Bei „1“ ist neben der Laktose, Milchzucker, noch ein weiteres Kohlenhydrat, die Stärke, zugesetzt. Damit ist die 1er-Milch etwas sämiger und sättigender als Pre-Nahrungen und wird mit einem Milchsauger gefüttert. In den ersten vier Monaten sollte man versuchen, bei allergiegefährdeten Säuglingen keine Beikost zu geben.

Nach vier bis sechs Monaten kann Breikost hinzukommen

Nach etwa einem halben Jahr lernt das Baby zu kauen. Ab einem Alter von etwa acht Monaten kann es die Zunge seitwärts im Mund bewegen und auf diese Weise das Essen mit dem Speichel vermischen. Von diesem Zeitpunkt an muss die Nahrung nicht mehr ganz so gründlich püriert werden.

Versuchen Sie auch weiterhin, Ihr Baby zu stillen oder ihm die Flasche zu geben. Gewöhnen Sie Ihr Baby nach und nach an neue Lebensmittel. Sie sollten Ihr Kind nun einmal täglich mit Brei füttern. Viele Hersteller bieten zudem eisenhaltige Babykost an. Sind Sie oder jemand in Ihrer Familie Allergiker, sollten Sie mindestens ein Jahr warten, bis Sie Vollmilch verwenden.

Irgendwann zwischen dem vierten und sechsten Monat sendet jedes Baby seine Entwicklungszeichen.
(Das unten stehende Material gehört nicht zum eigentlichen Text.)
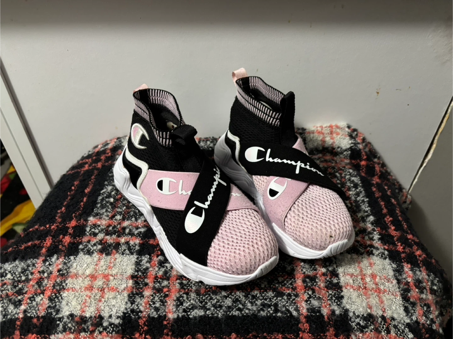 These Champion sneakers feature a sock-fit design for comfort and support. They have a black and pink color scheme with white accents. The elastic strap across the front provides a secure fit.

Aus diesem Verhalten kann man auch den richtigen Zeitpunkt zur Einführung der Beikost feststellen.

Solche Hinweise können sein:

  • Die Händchen wandern vermehrt in Richtung Mund und werden bekaut und belutscht.
  • Das Baby fängt zu speicheln an, und der berühmte Latz wird notwendig.
  • Die Augen des Kindes wandern jedem Löffel und jeder Gabel hinterher.
  • Eine gute Kopfhaltung wird beobachtet.
  • Die üblichen Abstände zwischen den Mahlzeiten werden kürzer, oder das Kind wacht sogar in der Nacht auf, weil es Hunger hat.

Man spricht von einer guten neuro-muskulären Entwicklung, wenn das Baby nach und nach Händchen, Mund und Kaubewegung zusammenbringt. Der Speichel ist ein Zeichen dafür, dass Verdauungsenzyme und Flüssigkeit bereit sind, feste Kost anzunehmen und leichter zu schlucken. Der vermehrte Speichelfluss wird oft falsch als erstes Anzeichen für den Zahndurchbruch gewertet, doch hat er nichts mit den ersten Zähnen zu tun.
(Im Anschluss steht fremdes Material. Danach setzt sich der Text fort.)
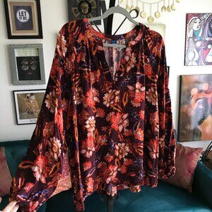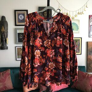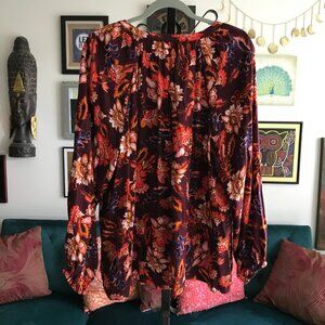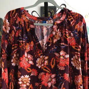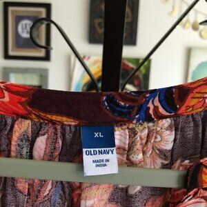 OLD NAVY size XL Autumn Toned Floral Burgundy Long Sleeve Peasant Top

Die gute Kopfhaltung hängt nicht nur vom Alter ab, sondern auch davon, wie gut die Rückenmuskulatur trainiert ist. Diese wird durch Spielen in Bauchlage gestärkt.

Ab dem achten bis zehnten Monat ist das Kind meistens schon so weit entwickelt, dass das Essen nur noch mit der Gabel zerdrückt werden muss.